As early as 1881, the 17th-century Carmelite convent of Maria in Trastevere was used as a prison. After adaptation works directed by Carlo Mangini, it kept the name Regina Coeli and was inaugurated in 1900. The complex also included the Women's Prison of the Mantle, the Criminal Records Office and the Political Police School. During fascism it also became a political prison, which housed Alcide De Gasperi among others.
Following the occupation of the city, the third and sixth arms were managed by the SS. This is where many of the dead of Forte Bravetta and the Fosse Ardeatine came from; but also the 320 deportees of 4 January 1944. and not far away is located the Military College, where the Jewish victims of round-ups from the raid of 16 October 1944 were taken.
Several anti-fascists were imprisoned there, including politicians, military personnel and intellectuals. More than 2,500 inmates arrived, when the planned capacity was 900. On 28 December 1943, the GAP man Mario Fiorentini threw a bomb that caused three deaths;
Epic was the escape of Pertini and Saragat on 24 January 1944. The two future presidents were arrested on 18 October 1943 and taken to Via Tasso.They were then taken to the sixth wing of Regina Coeli where they had been.

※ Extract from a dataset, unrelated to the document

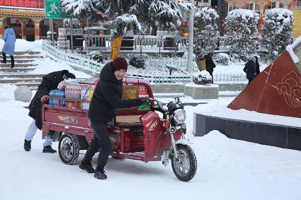“風(fēng)雨送春歸,飛雪迎春到。已是懸崖百丈冰,猶有花枝俏?!?月4日傍晚,大片大片的雪花,從昏暗的天空中紛紛揚(yáng)揚(yáng)飄落下來(lái)。霎時(shí)間,山川、河流、城市,全都籠罩在白蒙蒙的大雪之中。黃昏的雪,下得深切切的,好象有千絲萬(wàn)縷的情緒似的,又像海水一般洶涌,能夠淹沒(méi)一切,還有一絲揭開(kāi)藏頭露尾般的裸露感。雪花形態(tài)萬(wàn)千、晶瑩透亮,好象出征的戰(zhàn)士,披著銀色的盔甲,又像是一片片白色的戰(zhàn)帆在遠(yuǎn)航…… 落光了葉子的柳樹(shù)上,掛滿了毛茸茸、亮晶晶的銀條兒;冬夏常青的松樹(shù)和柏樹(shù),堆滿了蓬松松、沉甸甸的雪球。那一片雪花在空中舞動(dòng)著各種姿勢(shì),或飛翔,或盤旋,或直直地快速墜落,鋪落在地上?!昂鋈缫灰勾猴L(fēng)來(lái),千樹(shù)萬(wàn)樹(shù)梨花開(kāi)”——這是雪的燦爛;一場(chǎng)瑞雪,扮美了康定,年味籠罩的康定城,嫵媚妖嬈。無(wú)論是背水姑娘、有著年味兒的將軍橋,還是大紅燈籠高高掛的康定門,都在雪后別有一番景致。與美景合影、和朋友玩雪都是最佳選擇。在風(fēng)雪中,交警不畏嚴(yán)寒默默堅(jiān)守崗位 ,指揮交通疏堵保暢。他們的身影在皚皚風(fēng)雪路上站成一道道最美的風(fēng)景,溫暖了康定。從早上六點(diǎn)開(kāi)始,康定的環(huán)衛(wèi)工就迎著刺骨的寒風(fēng),開(kāi)始了除冰雪保通暢的行動(dòng),在積雪覆蓋的康定城,早起的商販樂(lè)呵呵地做起了買賣;民工迎著雪后的寒風(fēng)出門務(wù)工,他們是最可敬的人。

Later in mid-November they were sentenced to death.
Transferred to the third wing with some Badoglian officers, they managed to escape with five other political prisoners thanks to a plan devised by Giuliano Vassalli and Peppino Gracceva, commanders of the clandestine Roman Socialists, later to become the Matteotti Brigades, with the help of Massimo Severo Giannini and Ugo Gala, who prepared a false release order.
A crucial role was played from inside the prison, by the lawyer Filippo Lupis, who pretended to be a police officer; and by the doctor Alfredo Monaco, who together with his wife arranged a hiding place after the escape. On 3 February, Leone Ginzburg died there, having been arrested in the clandestine printing works of Italia Libera. Also detained there were the fascists who had voted for Grandi's agenda pending the trial in Verona; and those of the Palazzo Braschi gang, arrested by the Germans for their robberies.
After the war, director Donato Carretta was lynched by the mob. On 18 September, during the trial against Police Commissioner Pietro Caruso, he was recognised and assaulted. Carretta was beaten, dragged over the rails of the tramway line to run him over and finally thrown into the Tiber. His corpse was later recovered and hung from the bars of a prison window.